President’s Day is more than a day off from work or school. It’s when we remember the February birthdays of two of our early Presidents, both of whom were known for their honesty.
If honesty was part of what earned George and Abe their places in history, then we should probably take a page from their playbook for our own communications, right? But how do we do that? What would it mean to be “honest” in our communications beyond the obvious of telling the truth?
Here are 3 types of honesty you can apply to your communications – speeches, presentations, interviews with the media, or ordinary business conversations – that I bet would be endorsed by George and Abe:
- Transparency. Audiences are very discerning and can smell a phony within seconds. Be real; let people see you, let people see what’s happening. If you have good news, call it good news. If you have bad news, call it out as bad news. Spin (a self-interested selection of the facts) only goes so far. Be as open and forthright as possible.
- Self-Awareness. Is there an elephant in the room? Your situation might require an apology or an admission of wrong-doing before you can get an audience’s attention, let alone win its trust. Or perhaps you’ve being criticized and need to respond. In that case, you’ll want to be prepared to own the “criticisms” that also happen to be true. Very often, criticism is true and with good reason. Don’t automatically get hot under the collar when attacked. Reflect on yourself and then own it with confidence if it’s you and it’s true.

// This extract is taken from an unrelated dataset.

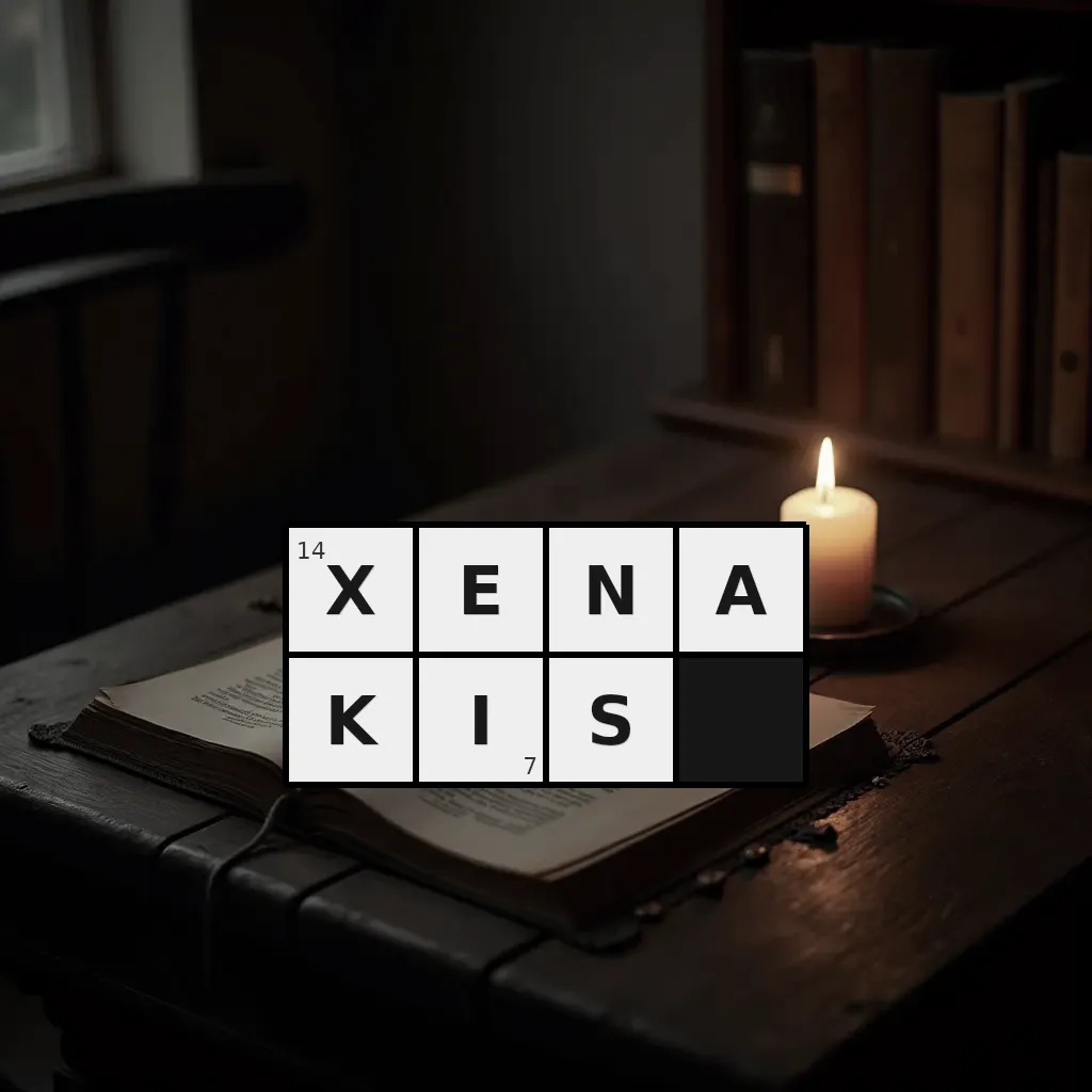 Słowo „xenakis” ma 7 znaków (bez spacji i łączników).

- Fairness. Intellectual honesty is a credibility win-win. If you have an opponent or a competitor, and you can be objective and fair about what you share in common as well as what differentiates you, then you will score big points with your audiences. Likewise, being willing and able to call out your friends and also applaud your enemies is a credibility-winner and reputation-booster.
These 3 tips are more nuanced versions of honesty than confessing to chopping down a cherry tree or walking miles at night to return pennies to a customer who overpaid, but they’re just as appealing. Give them a whirl!